Anyone else been there? How did you manage, how long did it last? Did it suck or were you guys able to be friendly eventually?


----------



## Tropiclands

Well you really aren't fully separated if you're still living together. Are you able to move away on your own?


----------



## DaisyDreamer

Tropiclands said:


> Well you really aren't fully separated if you're still living together. Are you able to move away on your own?

Not particularly due to finances.


----------



## Tropiclands

Okay. Are you trying to get financially independent to where you are able to live on your own?


----------



## Noria

I think you should move out as fast as possible! I did the same thing!


----------



## MrsT&Ben

I lived with my (can't come soon enough) ex husband for 3 months after we split up. It was hell. 
Thankfully he slept in the living room and I was in the bedroom. 
I hated it. You need to find a way to move out asap.


----------



## SpecialScars

I posted earlier here. I'm divorced with 3 FT kids from that marriage, 14 weeks pregnant with bf, but I'm breaking up with him tonight. We both live with his mother, and as a single, now pregnant mom of soon to be 4, there's NO WAY I can move out until I finish my BSN program and get a career - in 3 years. We don't share finances or accounts or anything, since he shares all that with his mommy (barf - part of the problem). . .so it's easier for me to feel independent since I've basically felt that way except for having to live here where the rent is cheap. . .I feel like it's doable. I also have a friend who has lived with her ex-husband for years because she is unable to make it on her own, and he pays all the bills.

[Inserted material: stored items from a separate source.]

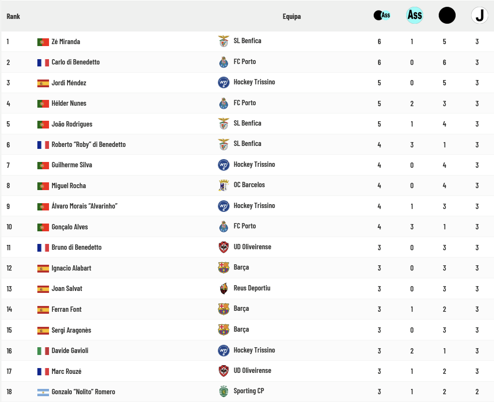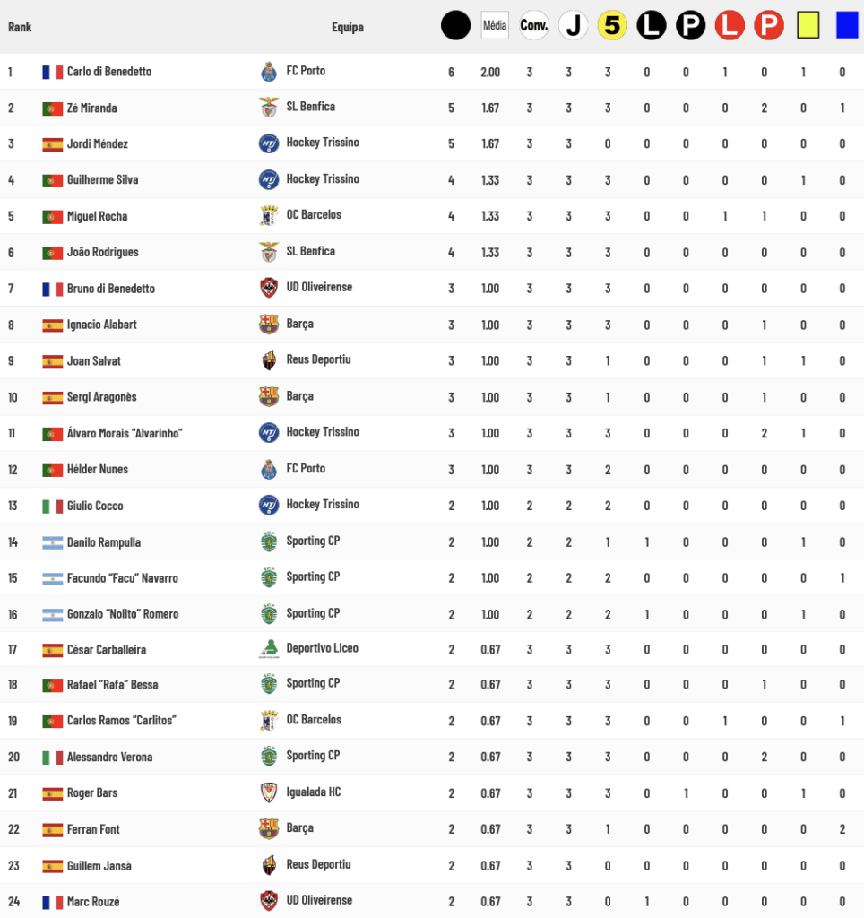 Zé Miranda e Carlo Di Benedetto lideram a lista de participações ativas em golos das suas equipas (golos marcados e assistências para golo) enquanto Jordi Méndez, Hélder Nunes e João Rodrigues ocupam lugares nos 5 primeiros da lista que conta ainda com 9 jogadores portugueses ou a jogar em Portugal nos 10 primeiros lugares:
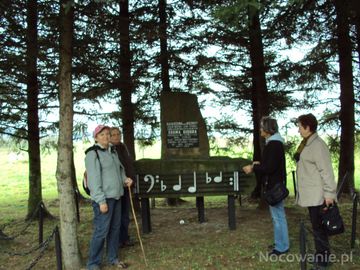 przed obeliskiem z tablicą i udekorowaniem artyście Adamowi Didurowi poświęconych,ufundowanym przez mieszkańców wsi w 1984r. dla uczczenia 110 rocznicy urodzin światowej sławy śpiewaka - stąd pochodził. Monument zaprojektowany został przez p. Mariana Czaplę - miejscowego rzeźbiarza, malarza, muzyka i poetę, laureata wielu konkursów i wystaw.
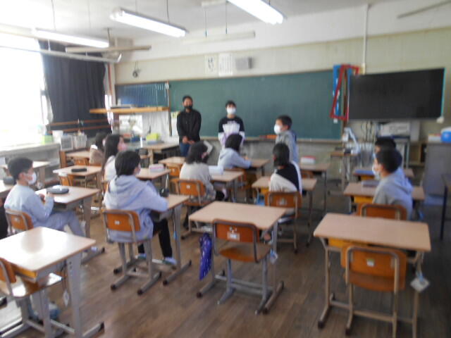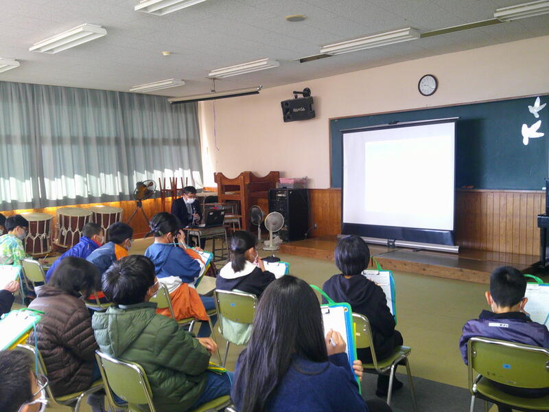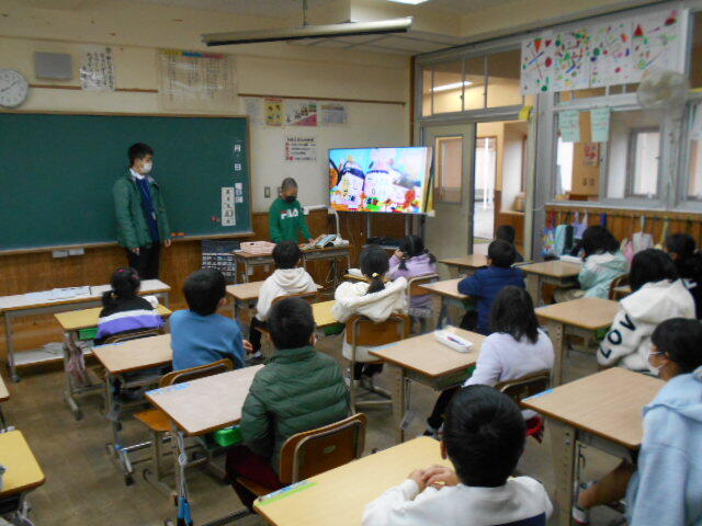 本日5年生が、ふるさと活用教育推進事業「子どもたちに伝えたいこと」を活用し、新聞社の方にお越しいただき、「新聞ができるまで」をテーマに講話をしていただきました。新聞社の仕事や企業が求める人材等の話を聞き、勉強になったようです。また、5年生は、国語の授業で「新聞を読もう」を学習したり、社会の授業で、情報産業について学習したりしており、本日の講話をとおし、これまでの学習をさらに深めることができたようです。今日の講話で学んだことを、4月から6年生となる5年生に活かしてほしいと思います。講師の先生本日はありがとうございました。
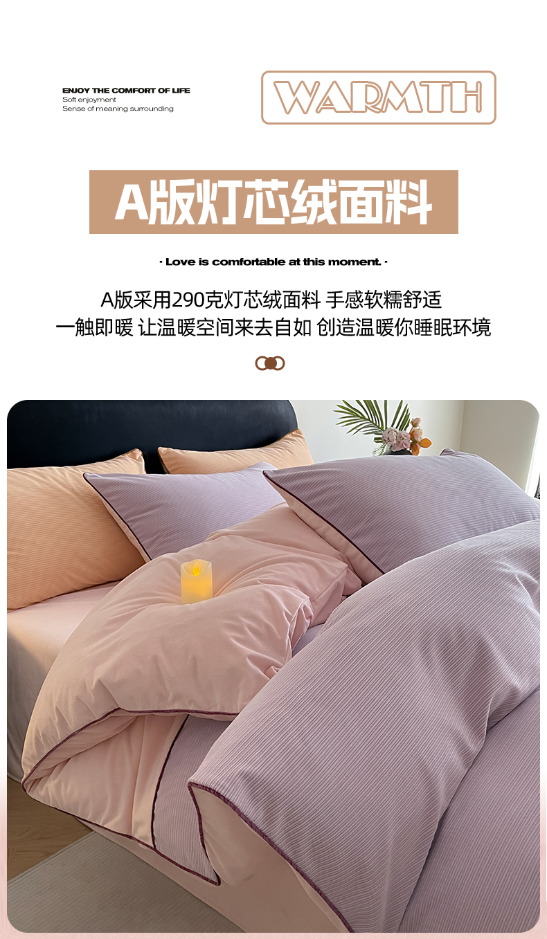 (总)羚羊语家纺 2025新款280克灯芯绒婴儿绒四件套高级嵌绳拼接款水晶绒宝宝绒牛奶绒床单床笠款三件套-奶芙绒系列,紫粉泡泡,雪桃甜吻,浅杏暖阳,椰香茉语,海风佛雾,浮光沁橙,微醺午后,半糖绿洲,复古画报,榛果奶茶
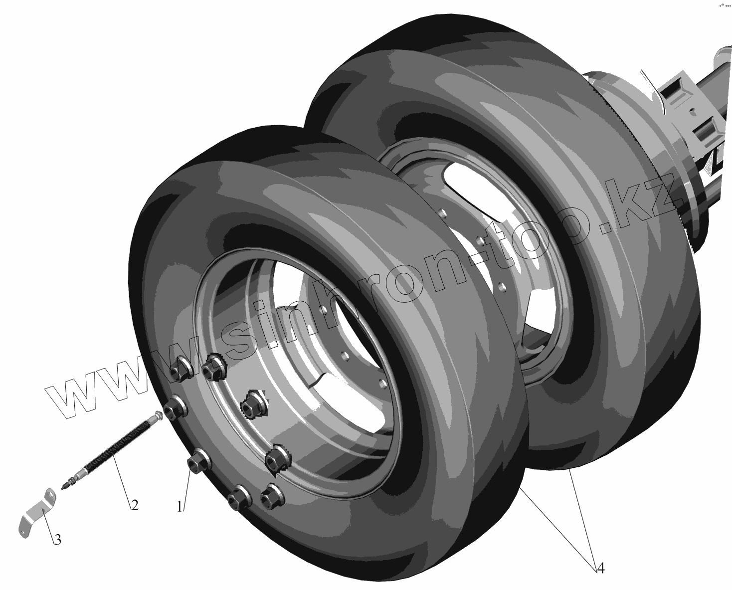 Каталог запасных частей к технике: МАЗ-437041 (Зубренок). Установка задних колес 457041-3100002
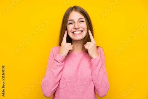 Young woman with long hair over isolated yellow wall smiling with a happy and pleasant expression

It's not fun, but they've made it work this far. I think it's manageable if there is a plan - for me to rush out of here would disrupt all my children and be an enormous hardship and isn't worth is as long as my 'bf' and his mom can respect my needs and space, and I pay them rent and take care of the household chores, ect, like I always do. 

so, don't worry and DON'T rush into another, different stressful situation that you can't afford. SLowly separate yourself from him, open your own accounts and take your time to assure you're doing things wisely. have a good plan and move towards that. Don't sleep with him!! Give yourself a break from other men as well - don't rush into anything just to have some support. . .good luck!!


----------